I’m not sure what the format is really like in hd5 (I researched but I couldn’t figure it out), if it’s like what you put instead of doing ...split(',')
as I do in the examples below ....split(' ')
(4 spaces). Csv format I used for testing is:
2016-01-01 00:00:00, NaN
2016-01-01 01:00:00, 22.445700
2016-01-01 02:00:00, 22.388300
2016-01-01 03:00:00, 22.400000
2016-01-01 04:00:00, NaN
2016-01-01 05:00:00, 22.133900
2016-01-01 06:00:00, 21.948999
2016-01-01 07:00:00, 21.787901
...
With groupby you can do so:
from itertools import groupby
with open('tests.csv', 'r') as f:
dados = [(l.split(',')[0], l.split(',')[1].strip()) for l in f]

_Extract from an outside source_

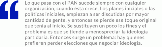“Pero, ¿para qué sirve tener una ideología muy fuerte si no la puedes llevar a cabo, porque no ganas puestos de elección? Es una ecuación difícil de resolver: Si somos muy fieles a la historia, política y propuestas del partido, resulta que éste no crece y si crece, tiende a debilitarse ideológicamente”.

print(dados) # [('2016-01-01 00:00:00', 'NaN'), ('2016-01-01 01:00:00', '22.445700'), ('2016-01-01 02:00:00', '22.388300'), ('2016-01-01 03:00:00', '22.400000'), ...]
dados_sort = sorted((k.split()[1], v) for k, v in dados) # importante
for hora, group in groupby(dados_sort, key=lambda x: x[0]):
group = list(group)
if any(v == 'NaN' for k, v in group):
print('Existem {} NaN na hora {}'.format(len(group), hora))
Program output for data you give:
There are 2 Nan on time 00:00:00
There are 2 Nan at the time 04:00:00
There are
1 Nan on time 09:00:00
But honestly I would not do so in this case (unless I really had to), I would do so:
from collections import Counter
dados = {}
with open('tests.csv', 'r') as f:
for l in f:
hora, val = l.split(',') # hora e temperatura, deves ja ter isto devidido por linha no teu caso
dados.setdefault(val.strip(), []).append(hora.split(' ')[1])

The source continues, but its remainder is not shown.